## ABOUT THIS TASK
All of the data should be output character for character, except the pictures.

DATASET section start

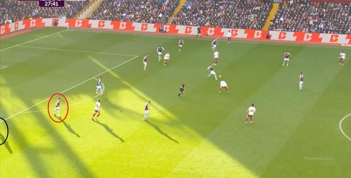 所以在第28分鐘,阿斯頓維拉完成搶斷之后,發(fā)動了左路的進(jìn)攻,一腳傳中打到禁區(qū)內(nèi),便來到了后點的卡什腳下:
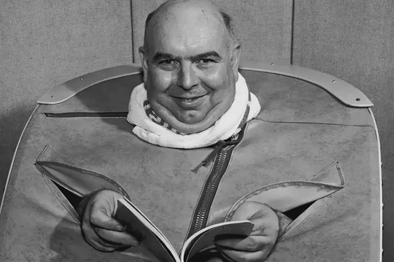 This weird invention is called the sauna tub. In the 1950s, it was all the rage. You enter the sauna tub and zip it up, leaving your head (and optionally, your hands) exposed. You then enjoy your private sauna and all the health benefits that come with it. It was also said to melt fat.
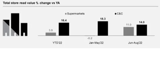 Σε επίπεδα καναλιών, τα Cash & Carry συνεχίζουν να αναπτύσσονται σημαντικά το 2022, σε όλες τις χρονικές περιόδους, περισσότερο από το κανάλι των super markets, καθώς οι όποιοι περιορισμοί υπήρχαν στο κανάλι του HoReCa τους πρώτους μήνες του 2021 έπαψαν να υφίστανται την τρέχουσα χρονιά.
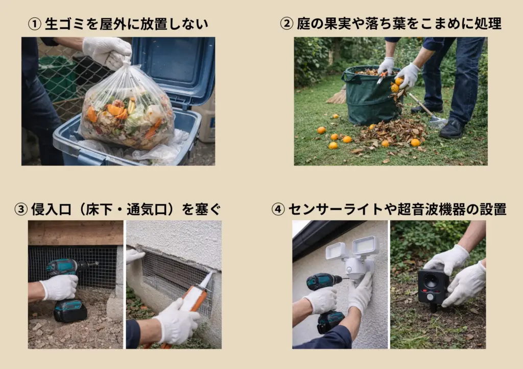 タヌキは縄張り意識があり、エサが豊富な場所には何度も戻ってきます。追い払うだけでなく、なぜその場所に来るのかを考え、原因を取り除くことが重要です。
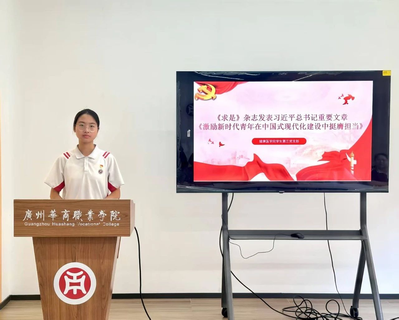 学生党员代表朱晓诗同学强调青年一代的理想、本领和担当对国家和民族的重要性,回顾了不同时期青年党员在革命、建设和新时代中的奋斗事迹,呼吁学生党员筑牢信仰根基、练就过硬本领、勇于担当作为,将个人所学与国家需求紧密结合,在数字经济、科技创新和乡村振兴等领域贡献青春力量,传承并创新践行五四精神,为实现中华民族伟大复兴贡献力量。
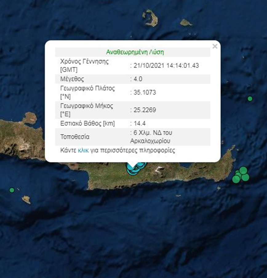 Συνεχίζεται η έντονη σεισμική ακολουθία στην Κρήτη και συγκεκριμένα στην ευρύτερη περιοχή του Αρκαλοχωρίου. Πριν λίγα λεπτά ακόμα ένας σεισμός ταρακούνησε το Αρκαλοχώρι της Κρήτης. Ο σεισμός είχε μέγεθος 4 Ρίχτερ ενώ το εστιακό του βάθος εντοπίστηκε στα 14,4 χιλιόμετρα.
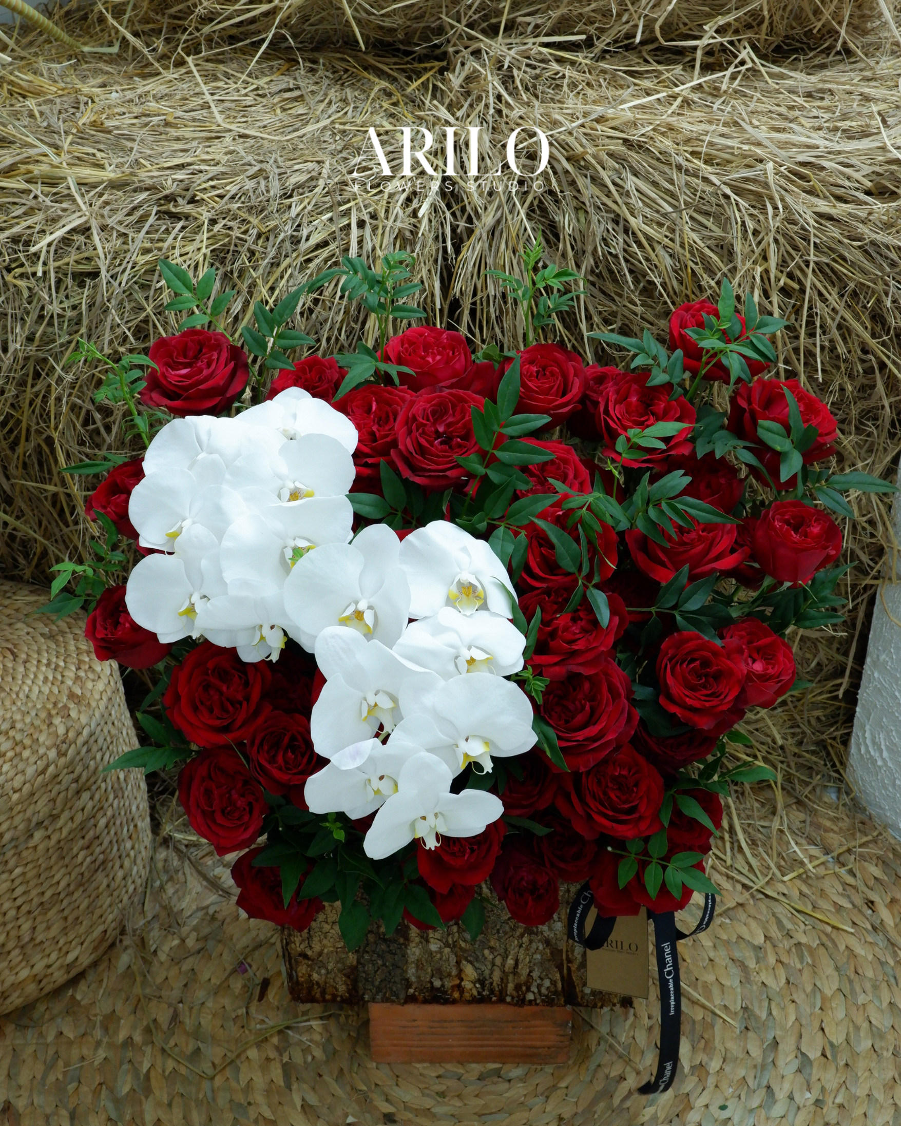 Dưới bàn tay khéo léo của nghệ nhân Arilo, bó hoa không chỉ là sự kết hợp của những đóa hoa mà là một tác phẩm nghệ thuật. Chúng tôi sử dụng giấy gói Hàn Quốc cao cấp (như giấy mờ, giấy lụa) với tông màu trang nhã (ví dụ: kem, xám khói, đen tuyền) làm nổi bật vẻ đẹp kiêu sa của hoa hồng. Điểm nhấn là chiếc nơ lụa mềm mại được thắt thủ công, tạo nên một tổng thể sang trọng và hiện đại.
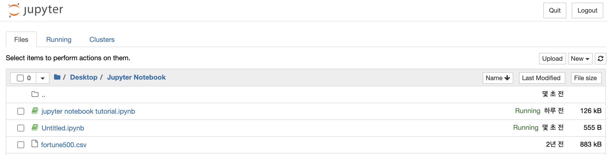 준비가 다 되었으면 Jupyter Notebook 실행. 내 컴퓨터에서 로컬 서버가 실행되면서 browser에 jupyter 화면이 뜬다.
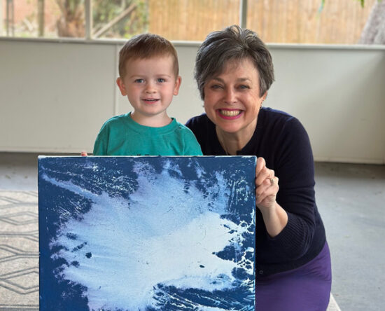 My latest art project was a fun, creative adventure with my 3-year-old grandson, blending nature, paint, and play. Using navy blue exterior house paint on five white canvases, we built spontaneous layers step by step. He had a blast applying paint with natural tools—leaves, twigs, and bark—and creating unique textures. At first, I thought the…
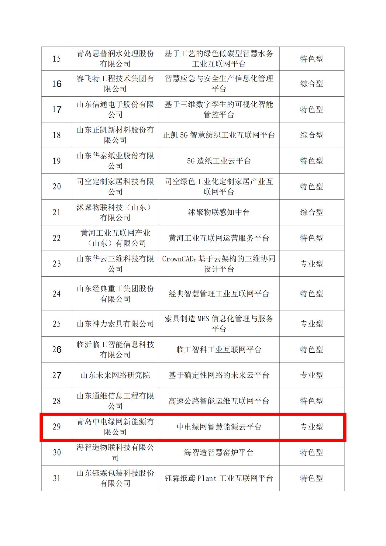 近日,山東省工業和信息化廳公示2023年省級工業互聯網平臺名單,青島中電綠網新能源有限公司自主研發的“中電綠網智慧能源云平臺”,成功獲評省級專業型重點平臺。

DATASET section end

## ANSWER AREA
 所以在第28分鐘,阿斯頓維拉完成搶斷之后,發(fā)動了左路的進(jìn)攻,一腳傳中打到禁區(qū)內(nèi),便來到了后點的卡什腳下:
 This weird invention is called the sauna tub. In the 1950s, it was all the rage. You enter the sauna tub and zip it up, leaving your head (and optionally, your hands) exposed. You then enjoy your private sauna and all the health benefits that come with it. It was also said to melt fat.
 Σε επίπεδα καναλιών, τα Cash & Carry συνεχίζουν να αναπτύσσονται σημαντικά το 2022, σε όλες τις χρονικές περιόδους, περισσότερο από το κανάλι των super markets, καθώς οι όποιοι περιορισμοί υπήρχαν στο κανάλι του HoReCa τους πρώτους μήνες του 2021 έπαψαν να υφίστανται την τρέχουσα χρονιά.
 タヌキは縄張り意識があり、エサが豊富な場所には何度も戻ってきます。追い払うだけでなく、なぜその場所に来るのかを考え、原因を取り除くことが重要です。
 学生党员代表朱晓诗同学强调青年一代的理想、本领和担当对国家和民族的重要性,回顾了不同时期青年党员在革命、建设和新时代中的奋斗事迹,呼吁学生党员筑牢信仰根基、练就过硬本领、勇于担当作为,将个人所学与国家需求紧密结合,在数字经济、科技创新和乡村振兴等领域贡献青春力量,传承并创新践行五四精神,为实现中华民族伟大复兴贡献力量。
 Συνεχίζεται η έντονη σεισμική ακολουθία στην Κρήτη και συγκεκριμένα στην ευρύτερη περιοχή του Αρκαλοχωρίου. Πριν λίγα λεπτά ακόμα ένας σεισμός ταρακούνησε το Αρκαλοχώρι της Κρήτης. Ο σεισμός είχε μέγεθος 4 Ρίχτερ ενώ το εστιακό του βάθος εντοπίστηκε στα 14,4 χιλιόμετρα.
 Dưới bàn tay khéo léo của nghệ nhân Arilo, bó hoa không chỉ là sự kết hợp của những đóa hoa mà là một tác phẩm nghệ thuật. Chúng tôi sử dụng giấy gói Hàn Quốc cao cấp (như giấy mờ, giấy lụa) với tông màu trang nhã (ví dụ: kem, xám khói, đen tuyền) làm nổi bật vẻ đẹp kiêu sa của hoa hồng. Điểm nhấn là chiếc nơ lụa mềm mại được thắt thủ công, tạo nên một tổng thể sang trọng và hiện đại.
 준비가 다 되었으면 Jupyter Notebook 실행. 내 컴퓨터에서 로컬 서버가 실행되면서 browser에 jupyter 화면이 뜬다.
 My latest art project was a fun, creative adventure with my 3-year-old grandson, blending nature, paint, and play. Using navy blue exterior house paint on five white canvases, we built spontaneous layers step by step. He had a blast applying paint with natural tools—leaves, twigs, and bark—and creating unique textures. At first, I thought the…
 近日,山東省工業和信息化廳公示2023年省級工業互聯網平臺名單,青島中電綠網新能源有限公司自主研發的“中電綠網智慧能源云平臺”,成功獲評省級專業型重點平臺。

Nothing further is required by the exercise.